Дивное видение будто сдуло ветром: вокруг снова рычала, бурлила и лязгала битва, а тело князя было всё так же облечено в отвратительную броню, наросшую на нём за год болотного плена. Но оболочка уже не имела значения, она пошла трещинами от голоса кареглазой певицы, и серебряные лучики песни вползали внутрь, пробираясь к сердцу. Переполненное светом и восторгом, оно безболезненно разорвалось – просто лопнуло, как переспелый плод.
«...истинный государь...»
«...смерть в тело своё...»
*
Едва глаза коронованного полководца погасли, как угольки, в воздухе пропела стрела, пущенная Лесиярой. Белогорская правительница уже давно напряжённо держала на прицеле жезл, который, как ей казалось, и был источником гулко ухающей подземными ударами беды, но только сейчас княгине удалось так близко подобраться к его владельцу.
– Осторожно, государыня!
По глазам ударила голубоватая вспышка. От осколков разлетевшегося во все стороны жезла княгиню прикрыл щит Радимиры. Полководец рухнул на снег, и его тело тут же начало превращаться в скользкую жижу. На несколько мгновений Павшая рать замерла, а потом воины, вместо того чтобы убивать кошек и людей, бросились друг на друга.

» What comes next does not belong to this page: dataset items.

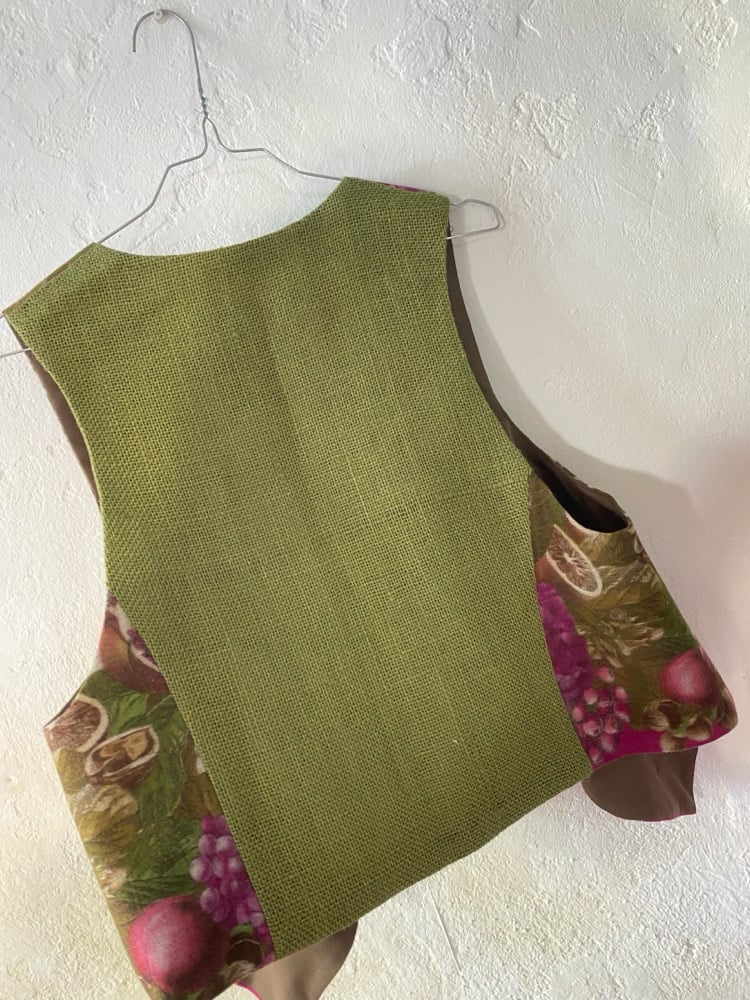 Chaleco feito a man. Feito con un pano antigo de la. A espalda é tea de saco. Está forrado.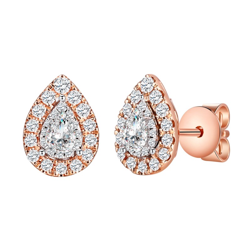 Sertis sur une monture en or 18 carats, 2 x 26 diamants taille brillant forment les halos autour de deux diamants taille Poire de 0.10 ct chacun.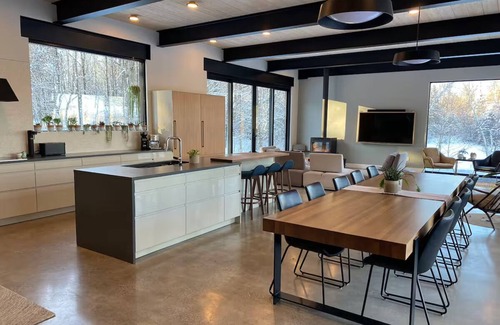 Best-rates for the Lake-front Scandinavian House starts from $170 per night with includes Child Friendly, Internet, Laundry, Security/Safety, Bedding/Linens, Wellness Facilities, Fireplace/Heating with all other amenities. Perfect for Weddings is committed to ensuring every guest experiences a comfortable and extraordinary stay, whether planning a romantic getaway, a honeymoon, a pet-friendly stay, or celebrating with the entire wedding party.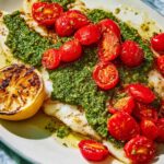 I like garnishing this with fresh basil leaves on top of the pesto — they add an herbal pop and look beautiful. The grape tomatoes also double as a sweet, colorful garnish that balances the richness of the fish. A wedge of the grilled lemon on the side lets everyone add a little extra zing if they want.

– Они, видно, продолжают древнюю битву, в которой когда-то полегли, – ошарашенно пробормотала Лесияра. И с торжествующей усмешкой добавила, обращаясь к Радимире: – Нам здесь делать больше нечего: с Павшей ратью покончено. Она уничтожит сама себя.
Она оказалась права. Прежде действовавшая сообща рать размежевалась на полки и отряды, которые сходились между собой в страшной сече, забыв о противнике. Болотные воины насаживали друг друга на свои рукомечи, раскалывали топорами головы, как орехи, а изумлённым людям и кошкам оставалось только наблюдать.
– Когда-то эту великую битву остановили боги, – сказала княгиня. – Но мы позволим ей завершиться.
Где-то неподалёку она слышала голос певицы, но не видела её в бурлящей гуще сражения. Девушка не должна была пострадать под волшебной защитой песни, но сердце кольнула ледяная иголочка тревоги, и княгиня бросилась на поиски. И вскоре нашла...
Певицей оказалась Дарёна: её прижимала к льду, закрывая своим телом, Млада. Лесияра сразу кинулась осматривать обеих; Дарёна дрожала и стонала, но была невредима, а вот Младе вошёл в спину, пробив кольчугу, осколок разорвавшегося жезла. Кошка дышала, но её незабудково-синие глаза были закрыты.
*
Голос подвёл Дарёну, сорвался, и серебряный узорный щит песни исчез. Млада закрыла её собой – и получила осколок.
«Не смогла, не защитила, не спасла», – горестным вороньим карканьем отдавалось в ушах Дарёны. Выставив всех из кухни, Твердяна и её сестра Вукмира колдовали над Младой, лежавшей на столе кверху спиной, а Дарёна сидела на полу у двери. Полы распахнувшейся шубки открывали её живот.
– Пересядь хоть на лавочку, – то и дело уговаривала матушка Крылинка.